ゲルラッハ子爵の末息子で、上級に近い中級騎士見習い。
ラウレンツと共に旧ヴェローニカ派の子供達の中心にいる。
家族内で唯一ローゼマインと間近で接しており貴族院での活躍や方針から、領主一族の鑑と思っている。
アウレーリア達の星結びの儀式で旧ヴェローニカ派がローゼマイン達の強襲を計画した際、ローデリヒを通じて情報を流して未然に防がれた。
ターニスベファレン討伐時に名捧げに十分な品質の素材を得ていたが、親には隠す。
あまり期待をかけられずに育ったせいか、冷静に家族を見ている。名を捧げて、それに翻弄される者を知っているため、慎重*8

――目の前にいて話をしているのに、自分ではなく、別の何かを見据えている。
これまで特に褒めてもくれなかったのに、マティアスが優秀者になったことをゲオルギーネに得意げに語る。――そのような父親をもった反動か、
真っ直ぐに相手を見、次代の育成に力を入れ、敵味方関係なく公正に評価し、敵対派閥の出自であっても受け入れて大事にするローゼマインに
強い思い入れを持っている*9
その為、貴族院で、自分と旧ヴェローニカ派の子供達の未来を決める選択をする際に、
「私が仕えたいと思うのはゲオルギーネ様ではなく、ローゼマイン様だ」という基準で心を定め、
旧ヴェローニカ派の子供達の命を助けるために、ゲオルギーネの集会での情報を流し、ローゼマインに名を捧げた*10
その後も、洗礼前の子供達に対する救済を知ったこと、名を受け入れ命を救ってもらったこと、表彰に際して誇りを守る言葉をかけてくれたこと*11
ゲルラッハ救出戦に乗り出しグラオザムに対して予想外な策を打ち続けた*12ことなどから、ローゼマインを主と思う心を強めている。

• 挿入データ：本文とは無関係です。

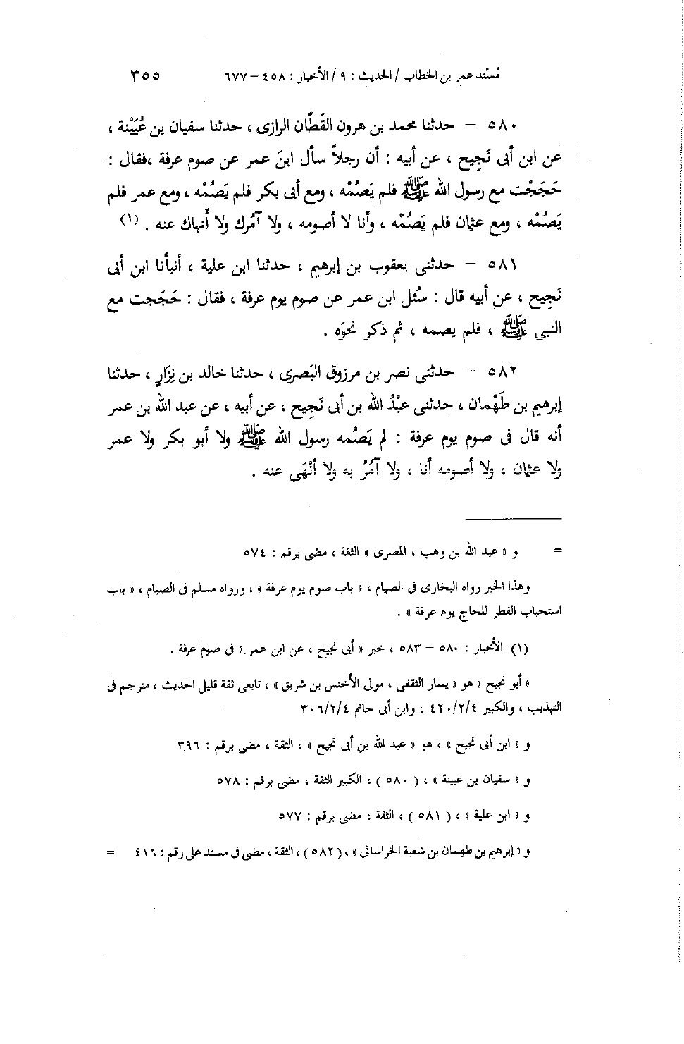 580 - حَدَّثَنَا مُحَمَّدُ بْنُ هَارُونَ الْقَطَّانُ الرَّازِيُّ، حَدَّثَنَا سُفْيَانُ بْنُ عُيَيْنَةَ، عَنِ ابْنِ أَبِي نَجِيحٍ، عَنْ أَبِيهِ، أَنَّ رَجُلًا سَأَلَ ابْنَ عُمَرَ عَنْ صَوْمِ عَرَفَةَ، فَقَالَ: «§حَجَجْتُ مَعَ رَسُولِ اللَّهِ صَلَّى اللهُ عَلَيْهِ وَسَلَّمَ فَلَمْ يَصُمْهُ، وَمَعَ أَبِي بَكْرٍ فَلَمْ يَصُمْهُ، وَمَعَ عُمَرَ فَلَمْ يَصُمْهُ، وَمَعَ عُثْمَانَ فَلَمْ يَصُمْهُ، وَأَنَا لَا أَصُومُهُ، وَلَا آمُرُكَ وَلَا أَنْهَاكَ عَنْهُ»

名を捧げて側近入りした後、ローゼマインの要望を叶えられなかった自分に落ち込んだり*13
表彰の場に向かう直前にローゼマインに対し跪き最大の感謝の意を示したり*14
「一生ついて行くつもりで名を捧げていますから、返すと安易に言われずによかった」とローゼマインに告げたり*15
父親に対して「神々に愛されている私の主」とか「貴方は平民と呼びますが、私の主はローゼマイン様以外にあり得ません」とか宣言したり*16と、ハルトムートのようには目立たないがその能力はもちろん自身や敵対派閥の者も含め周囲に心を配るローゼマインに心から忠誠を誓っている。
一方、魔力を捧げたことはあっても酬いられたことはなく部下の誇りや身を守ったりすることもなかったゲオルギーネへの父の忠誠は、「何故ここまで……」と父の最期においても呟くなど最後まで理解することはなかった*17。とはいえ、グラオザムもゲオルギーネは部下にきちんと報いているかと問われると反論せず激昂し、最期にはマティアスからの問いかけを厭うような素振りからゲオルギーネに不満がなかったわけではない様子が散見された。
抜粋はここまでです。